Throughout the late 1800s, real estate in cities became more expensive. Technological advancements like electrical power, incandescent lighting, and the telephone made urban spaces attractive to businesses. Jobs in new industries attracted more and more people to live in cities. As a result, the need for space grew, and the space that existed was expensive and difficult to get. The solution was to build upward, packing more stories into a building.

In 1891 a sixteen-story masonry building, the Monadnock Building, was erected in Chicago, Illinois . It is still the highest masonry building in the world. To support the building's height, the walls at the bottom had to be 6 feet (2 meters) thick. Such walls were not only expensive and cumbersome, but also made doorways deep and windows pointless. Masonry buildings had reached their limits, but the human need for more urban spaces had not.

In 1890 William LeBaron Jenney introduced a new method for building. An internal steel frame was used to support the weight of the building. The outside walls merely supported their own weight and were attached to the frame. The ten-story Home Insurance Building in Chicago was the first to be built this way.

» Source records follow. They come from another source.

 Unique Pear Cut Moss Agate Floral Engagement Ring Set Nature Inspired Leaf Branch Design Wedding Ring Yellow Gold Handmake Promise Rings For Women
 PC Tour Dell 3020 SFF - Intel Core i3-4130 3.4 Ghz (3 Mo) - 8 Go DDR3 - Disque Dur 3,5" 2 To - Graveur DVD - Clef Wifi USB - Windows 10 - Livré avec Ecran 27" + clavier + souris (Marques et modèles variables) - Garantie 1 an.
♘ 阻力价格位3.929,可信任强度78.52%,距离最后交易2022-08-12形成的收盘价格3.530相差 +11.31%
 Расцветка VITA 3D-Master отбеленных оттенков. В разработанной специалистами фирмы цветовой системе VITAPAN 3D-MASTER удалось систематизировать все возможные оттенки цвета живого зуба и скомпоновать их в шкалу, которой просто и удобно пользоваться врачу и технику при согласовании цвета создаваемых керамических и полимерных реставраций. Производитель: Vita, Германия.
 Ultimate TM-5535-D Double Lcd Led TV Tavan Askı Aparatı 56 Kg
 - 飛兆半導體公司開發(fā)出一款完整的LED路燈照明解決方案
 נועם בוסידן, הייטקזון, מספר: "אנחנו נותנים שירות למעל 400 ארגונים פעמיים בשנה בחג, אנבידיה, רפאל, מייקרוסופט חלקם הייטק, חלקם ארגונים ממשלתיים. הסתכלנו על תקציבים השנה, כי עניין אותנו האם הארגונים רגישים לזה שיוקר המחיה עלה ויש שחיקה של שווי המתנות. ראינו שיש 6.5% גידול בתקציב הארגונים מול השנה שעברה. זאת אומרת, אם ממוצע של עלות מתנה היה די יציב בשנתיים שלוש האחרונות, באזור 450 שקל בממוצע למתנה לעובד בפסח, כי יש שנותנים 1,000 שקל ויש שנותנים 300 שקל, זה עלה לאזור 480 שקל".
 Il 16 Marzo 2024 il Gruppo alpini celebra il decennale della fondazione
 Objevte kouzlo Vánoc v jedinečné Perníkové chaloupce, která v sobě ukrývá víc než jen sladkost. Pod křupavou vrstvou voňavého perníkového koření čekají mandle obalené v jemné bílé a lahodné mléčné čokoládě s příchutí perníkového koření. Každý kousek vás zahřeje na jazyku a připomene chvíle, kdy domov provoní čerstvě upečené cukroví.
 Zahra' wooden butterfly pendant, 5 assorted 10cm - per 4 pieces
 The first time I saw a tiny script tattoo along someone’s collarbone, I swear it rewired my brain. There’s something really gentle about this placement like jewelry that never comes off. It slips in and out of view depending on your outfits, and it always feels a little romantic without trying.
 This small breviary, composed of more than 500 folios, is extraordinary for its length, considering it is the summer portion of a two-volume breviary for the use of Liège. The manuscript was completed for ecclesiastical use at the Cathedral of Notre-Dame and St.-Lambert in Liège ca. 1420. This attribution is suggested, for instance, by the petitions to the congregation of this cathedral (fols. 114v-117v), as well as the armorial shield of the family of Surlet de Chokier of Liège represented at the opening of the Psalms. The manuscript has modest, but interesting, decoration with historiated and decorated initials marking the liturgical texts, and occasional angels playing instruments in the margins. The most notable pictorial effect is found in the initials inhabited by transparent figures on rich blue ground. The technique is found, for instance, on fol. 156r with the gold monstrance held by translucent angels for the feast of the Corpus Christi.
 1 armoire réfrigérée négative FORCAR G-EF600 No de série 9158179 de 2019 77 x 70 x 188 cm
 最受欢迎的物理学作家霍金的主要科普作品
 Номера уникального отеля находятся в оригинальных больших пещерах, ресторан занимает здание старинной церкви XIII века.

Louis Henri Sullivan used this method to design what is considered to be the first skyscraper in 1890, the Wainright Building in St. Louis, Missouri . Sullivan's inspirational designs led architects to incorporate modern elements of style in their own creations. Soon, taller and taller buildings graced urban areas, reflecting the booming growth and success of the industrial age. Some skyscrapers earned memorable reputations as a result of their designs. The Chrysler Building, completed in 1930 in New York , and the Howells-Hood Chicago Tribune Tower, completed in 1925 in Chicago, are among them.

The skyscraper became a symbol of American progress and prosperity. The taller they were, the greater the successes of America. It soon became a competition to build the tallest skyscraper, and building heights quickly soared. In 1900 the Park Row Building in New York City was the tallest in the world. It towered at 382 feet (116 meters) and thirty-two stories. The Woolworth Building, completed in 1913, in New York, remained the tallest at 792 feet (241 meters) for seventeen years.

Throughout the 1920s and 1930s, buildings rapidly overcame each other. In 1931 the Empire State Building topped them all. With a height of 1,472 feet (449 meters) and 102 stories, it maintained the world's record for over forty years. In 1973 the World Trade Center's twin towers in New York took over the record and revived the competition to build the tallest building. Their reign ended when Chicago's Sears Tower became the highest in 1974.

In 1998 the competition became an international one when the Petronas Towers in Kuala Lumpur, Malaysia, became the tallest in the world. In 2003 Taipei 101 in Taiwan towered above the earth at a record breaking 1,671 feet (509 meters). The final planned height for the Durj Dubai being built in Dubai remains a secret, but it became the world's tallest free-standing structure when it reached 1,821 feet (555 meters). When it opens in June 2009, it will officially become the world's tallest building.

The skyscraper was a technological and economic solution to an urban problem that has evolved into a unique status symbol. The world beyond the United States has embraced the skyscraper as a symbol of prosperity and progress. The skylines of the world's cities have been defined by the unique designs of skyscrapers, and taller is better in the public imagination. With a global economy, the race to build higher and higher has been spurred. In this race for height, the country with the tallest building has the symbolic reputation of being the most economically successful in the world.